Andrew John Procter (born 13 March 1983) is an English former professional footballer who played as a midfielder. He made one appearance for the England C national team.

Career
The highlight of his career came on 28 April 2007 in a crucial League Two six-pointer with Macclesfield Town. Procter scored two goals in a 3–2 victory which secured Stanley's Football League status in their first season back after promotion from the Conference.

He studied at the University of Salford on a part-time basis for a degree in Physiotherapy, a programme he decided to follow after suffering a cruciate knee ligament injury in 2005.

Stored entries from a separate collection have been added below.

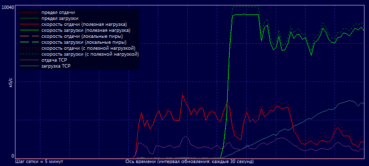 Сегодня раздал 120 гиг за ночь, после включения фуллспид планирую раздавать 0,5ТБ в сутки )))
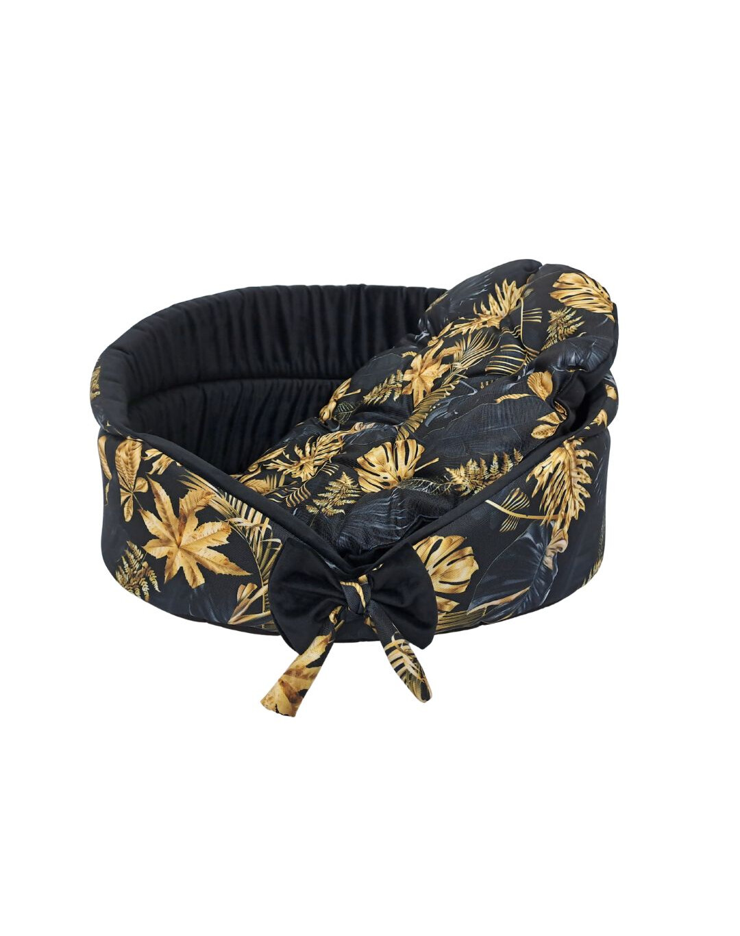 Un panier pour chien avec un coussin doux et amovible à l'intérieur. Le coussin amovible facilite le nettoyage du panier. Le coussin est matelassé et double face - une face est noire et l'autre est recouverte d'un tissu à motifs de feuilles.
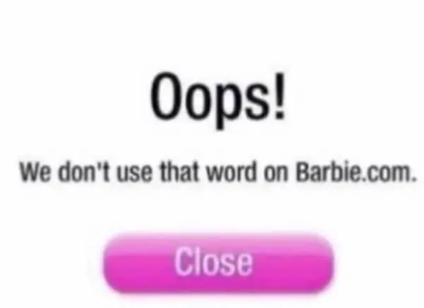 There’s also the Barbie.com error message about using a bad word, which hits like a nostalgia flash. Getting scolded by a kid’s website is a special kind of humiliation. It’s like being grounded by the internet itself.
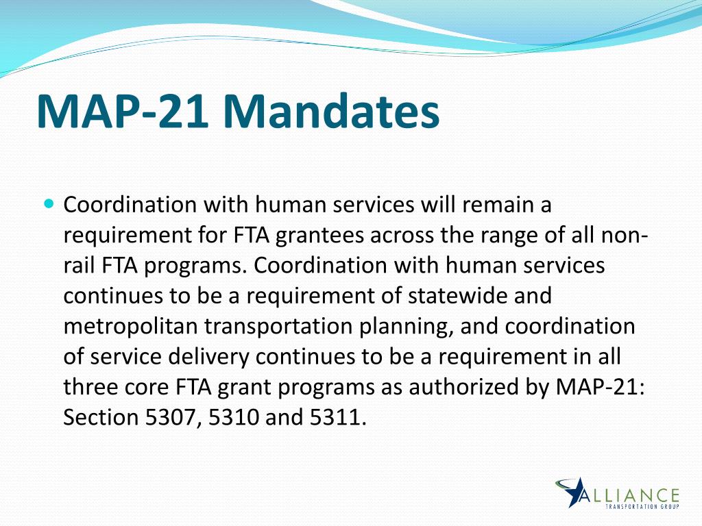 MAP-21Mandates • Coordination with human services will remain a requirement for FTA grantees across the range of all non-rail FTA programs. Coordination with human services continues to be a requirement of statewide and metropolitan transportation planning, and coordination of service delivery continues to be a requirement in all three core FTA grant programs as authorized by MAP-21: Section 5307, 5310 and 5311.
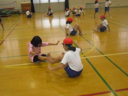 バッタ相撲の後は、ジャンケン開脚と足相撲です。ジャンケン開脚は負けた方が少しずつ足を開けていきます。足相撲は腹筋を使わねばならず、苦戦していました。
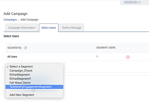 Select the segment TestNotifyEngagementSegment that was created. Click Next – Define Message to define the message for the campaign.
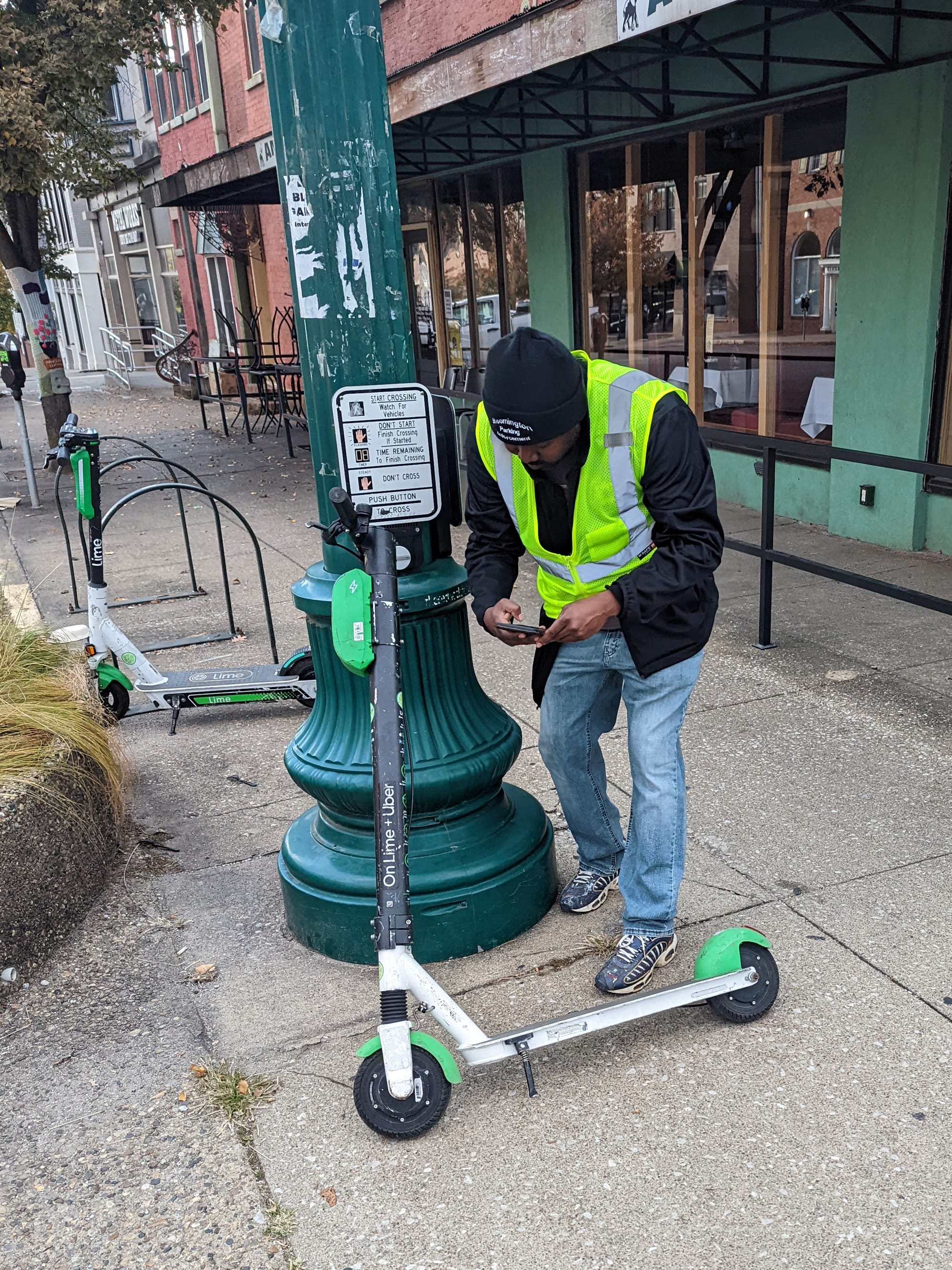 In fall 2022, starting in the first part of October, the city of Bloomington’s public works department hired some part-time temporary workers to monitor scooter parking infractions. They were not tasked with writing tickets—their job was to document the violations and to move the scooters.
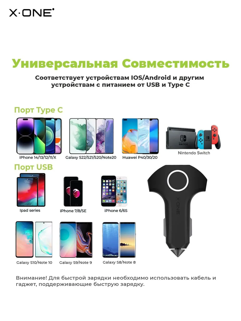 Зарядка в прикуриватель - совместима со всеми моделями телефонов и гаджетов Apple / iPhone / iPad / Galaxy / Tab / Honor / Huawei / Xiaomi и др.
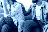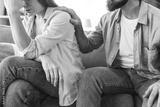 Couple Comforting Each Other on Sofa After Argument, With Supportive Hand on Shoulder

Procter signed for Preston North End on 20 January 2012 and was announced captain on his arrival and he received a new two-year deal on 1 July 2012. He scored his first goal for the club against future club Bury in a Football League Trophy tie on 18 December 2012. After 23 league appearances, 17 of them coming from the bench he decided to cancel his contract via mutual consent with the Lilywhites after 18 months of service.

After a week without a club Procter joined Bury on a free transfer penning a two-year deal with the Shakers. In his first season at Bury he made 28 appearances in all competitions. In his second season at Bury he was put on the transfer list along with Ashley Grimes after being seen as surplus to requirements. On 1 September 2014, he had his contract cancelled because Procter wanted to leave Bury.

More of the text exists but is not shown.